Trade Candidate: Jose Reyes

Good shortstops are always in demand, especially midseason. The number of contending teams in need of infield help almost always outweighs the number of quality MLB shortstops, so it stands to reason that a team not expecting to contend would be open to dealing its shortstop in the right situation. That's likely to be the scenario that we'll see this summer with the Mets and Jose Reyes.

Reyes, 28 in June, signed a four-year deal in August of 2006, and the Mets exercised their $11MM option this past offseason. Reyes hit the disabled list last year due to a thyroid issue after missing most of 2009 with a hamstring injury. He also battled through oblique strains over the course of the 2010 season, but appears healthy now. He's off to a nice .304/.333/.478 start with five stolen bases in five attempts.

Vintage form would see the switch-hitting Reyes as a 60-70 SB threat capable of hitting around 15 home runs while playing solid defense. That type of production would have teams lining up, but even with a more pedestrian season (by his standards), Reyes should attract significant attention at the deadline.
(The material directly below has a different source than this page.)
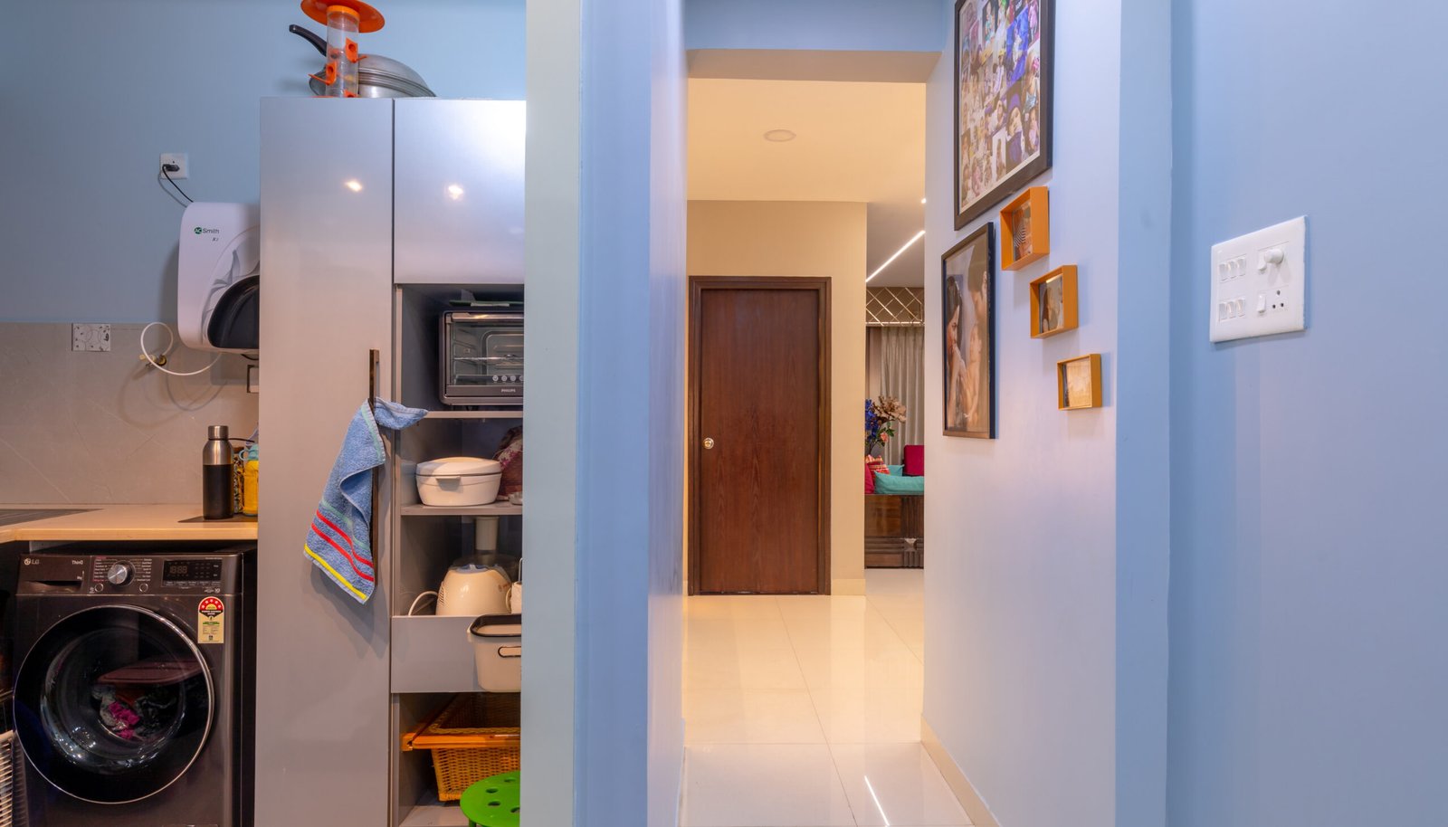 This 3BHK residence at Ramky One Galaxia, Nallagandla, is a vibrant and expressive home designed to reflect the personality and lifestyle of the family. The interiors blend bold artistic elements with functional planning, creating spaces that feel energetic yet comfortable.

One knock on Reyes may be his career OBP of just .335, which the Mets said they'd like him to improve before considering a new deal. That OBP and his injury history may have been contributing factors in the recent Jayson Stark report that quoted one NL scout saying he'd recommend Reyes on a two-month rental, but not on a long-term deal. That may be just what's in store, as a month ago when Joel Sherman talked to five non-Met executives, not a single one saw Reyes returning to the Mets in 2012. So where might he end up? Let's look at some possible destinations:

  • Milwaukee – The Brewers are stuck with Yuniesky Betancourt as their primary shortstop for the time being, so it stands to reason they'd look to upgrade at the deadline. Their farm systems have been picked pretty clean by the Shaun Marcum and Zack Greinke trades, however.
  • San Francisco – The Giants are trusting Miguel Tejada and his nearly 37-year-old frame to be their everyday shortstop, and they don't have much in terms of contingency plans. Tejada's defense and OBP woes may have San Francisco looking for external options come July.
  • Cincinnati – The Reds are going with Paul Janish and Edgar Renteria to fill out their shortstop position, but they've looked for a leadoff hitter and a more concrete solution at short in the past. Reyes could fill both of those roles on a short-term basis in 2011 as they look to defend the NL Central title.
  • Minnesota – If the Twins can turn around their terrible start to the 2011 season, they could certainly use an upgrade over Alexi Casilla at shortstop. With newcomer Tsuyoshi Nishioka on the shelf, their middle infield depth is particularly weak at the moment. The Twins were said to be at their payroll limit entering the season, however.
  • St. Louis – Ryan Theriot and Skip Schumaker are currently playing up the middle for Tony La Russa, so it's not a stretch to see the Cardinals in search of a midseason improvement if they can remain in contention without Adam Wainwright. Like Minnesota, we heard that the Cardinals were low on funds late in the offseason.

Of course, injuries and other factors could lead other teams to enter the running for Reyes, as he currently only represents a midseason rental. The Mets will likely have a steep asking price for the three-time All Star, but teams are willing to part with elite prospects to make short-term pushes every year; 2011 should be no different.